## What the exercise asks:
Leave out the pictures and repeat every record exactly.

Material provided below:

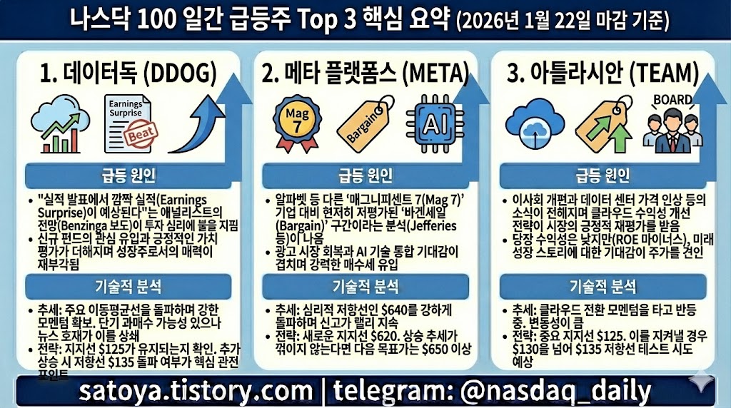 [나스닥 100 일간 급등주 Top 3] DDOG(데이터독), META(메타), TEAM(아틀라시안) - 급등의 배경과 전망은?
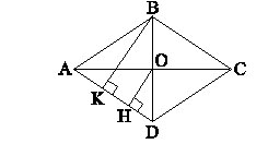 Ví dụ 1: Cho hình thoi ABCD, độ dài mỗi cạnh là 13 cm. Gọi O là giao điểm của hai đường chéo. Vẽ OH vuông góc AD. Biết OH = 6 cm, tính tỉ số của hai đường chéo BD và AC.
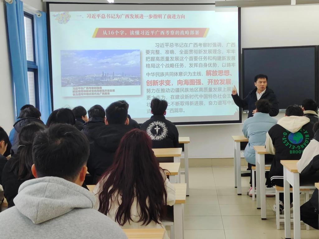 (路桥讯)为深入学习贯彻习近平新时代中国特色社会主义思想、党的二十大精神及习近平总书记对广西重大方略要求,引导同学们树立新学年、新学期的新奋斗目标,推动学风建设,根据学校的统一部署,2月26-27日,学院举行2024年春季“开学第一课”主题教育活动。学院领导及各辅导员老师通过线上及线下方式深入各班开展主题活动。
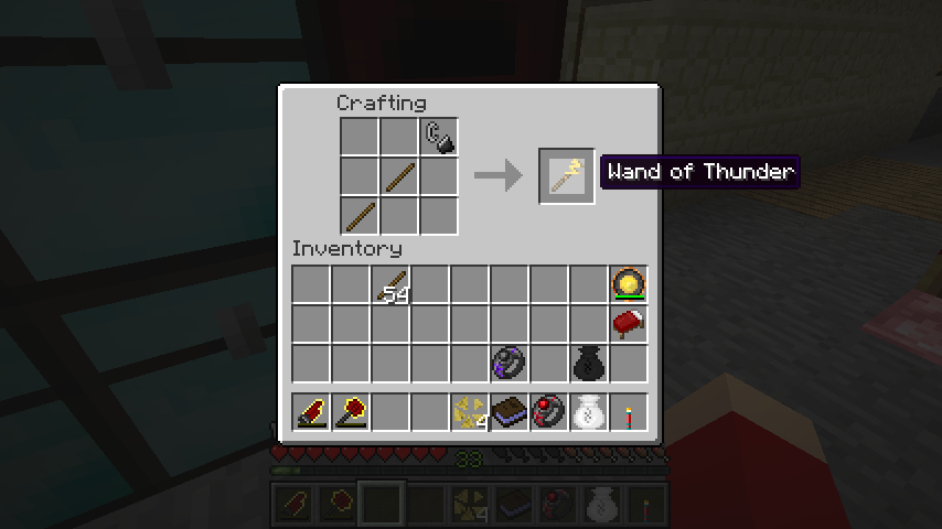 木の棒*2、火打ち石で雷の杖(Wand of Thunder)。
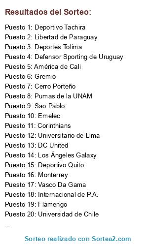 Lista de participantes: Atlético Nacional Medellin, Cerro Porteño, Colo Colo, Corinthians, Cruzeiro, Deportes Tolima, Deportivo Quito, Deportivo Tachira, Flamengo, Internacional de P.A., Liga Deportiva Universitaria de Quito, Monterrey, Nacional de Montevideo, Olimpia, Peñarol, Pumas de la UNAM, Santos FC DT: Zero, Sporting Cristal, Universidad Catolica, Universitario de Lima, Alianza Lima, América de Cali, América de Mexico, Barcelona de Ecuador, Caracas, Cruz Azul, DC United, Defensor Sporting de Uruguay, Emelec, Fluminense, Gremio, Juan Aurich, Libertad de Paraguay, Los Ángeles Galaxy, New York Red Bulls, Once Caldas, Palmeiras, Sao Pablo, Vasco Da Gama, Universidad de Chile.

End of Material provided.

## Exercise output:
 [나스닥 100 일간 급등주 Top 3] DDOG(데이터독), META(메타), TEAM(아틀라시안) - 급등의 배경과 전망은?
 Ví dụ 1: Cho hình thoi ABCD, độ dài mỗi cạnh là 13 cm. Gọi O là giao điểm của hai đường chéo. Vẽ OH vuông góc AD. Biết OH = 6 cm, tính tỉ số của hai đường chéo BD và AC.
 (路桥讯)为深入学习贯彻习近平新时代中国特色社会主义思想、党的二十大精神及习近平总书记对广西重大方略要求,引导同学们树立新学年、新学期的新奋斗目标,推动学风建设,根据学校的统一部署,2月26-27日,学院举行2024年春季“开学第一课”主题教育活动。学院领导及各辅导员老师通过线上及线下方式深入各班开展主题活动。
 木の棒*2、火打ち石で雷の杖(Wand of Thunder)。
 Lista de participantes: Atlético Nacional Medellin, Cerro Porteño, Colo Colo, Corinthians, Cruzeiro, Deportes Tolima, Deportivo Quito, Deportivo Tachira, Flamengo, Internacional de P.A., Liga Deportiva Universitaria de Quito, Monterrey, Nacional de Montevideo, Olimpia, Peñarol, Pumas de la UNAM, Santos FC DT: Zero, Sporting Cristal, Universidad Catolica, Universitario de Lima, Alianza Lima, América de Cali, América de Mexico, Barcelona de Ecuador, Caracas, Cruz Azul, DC United, Defensor Sporting de Uruguay, Emelec, Fluminense, Gremio, Juan Aurich, Libertad de Paraguay, Los Ángeles Galaxy, New York Red Bulls, Once Caldas, Palmeiras, Sao Pablo, Vasco Da Gama, Universidad de Chile.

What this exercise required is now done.